Univariate Quantitative Analysis:
1. Provide a table of descriptive statistics for the quantitative variables (including all measurements of central tendency and dispersion).
2. Create a histogram and boxplot for 3 quantitative variables of your choice.
3. For the 3 quantitative variables, explain why the mean or the median is the best representation of central tendency and the standard deviation or IQR of dispersion. This is decided by examining the histogram and boxplot. Identify the appropriate measures and state the associated values from the descriptive statistics table in your write up.
Univariate Categorical Analysis:
4. Create univariate frequency tables (frequency and percent) for the 3 categorical variables.
5. Create a bar chart and pie chart for the 3 categorical variables.
6. For each variable comment on the frequency distribution including the mode.

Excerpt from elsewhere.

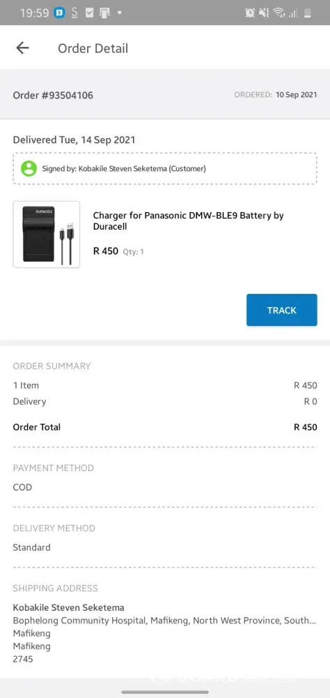 I tried to track my delivery again on the Takealot. app and it showed that my order was delivered and signed by me at 19:03. According to my knowledge nothing was delivered to me so I don't know wether to label this as a scam or poor service or dishonesty from Takealot's delivery team.

Bivariate Analysis 2 Categorical:
7. Using the Pivot Table tool, provide a contingency table for two categorical variables that you are interested in exploring the relationship between. Determine which variable you think may ‘explain’ the response of the other variables. The variable that explains should be on the rows and the variable that responds should be on the columns.
8. Report on the frequency and percent distribution of the two variables. Comment on anything you find particularly interesting about the relationship.
9. Create a grouped bar chart, a stacked bar chart, and a 100% stacked bar chart. The variable that ‘explains’ should be along the x-axis and the variable that ‘responds’ should be represented by the colors of the bars in the legend.
10. Describe the differences between these graphics and determine which graph(s) is a better visualization of the relationship of the two variables.
Bivariate Analysis 1 Cat 1 Quant:
11. Perform a stratified analysis of the mean of the quantitative variables “TV”, “computer”, “Sleep”, “alcohol”, “exercise”, and “GPA” by the “Seat” variable. Compare and contrast the mean of the quantitative variables between the categories.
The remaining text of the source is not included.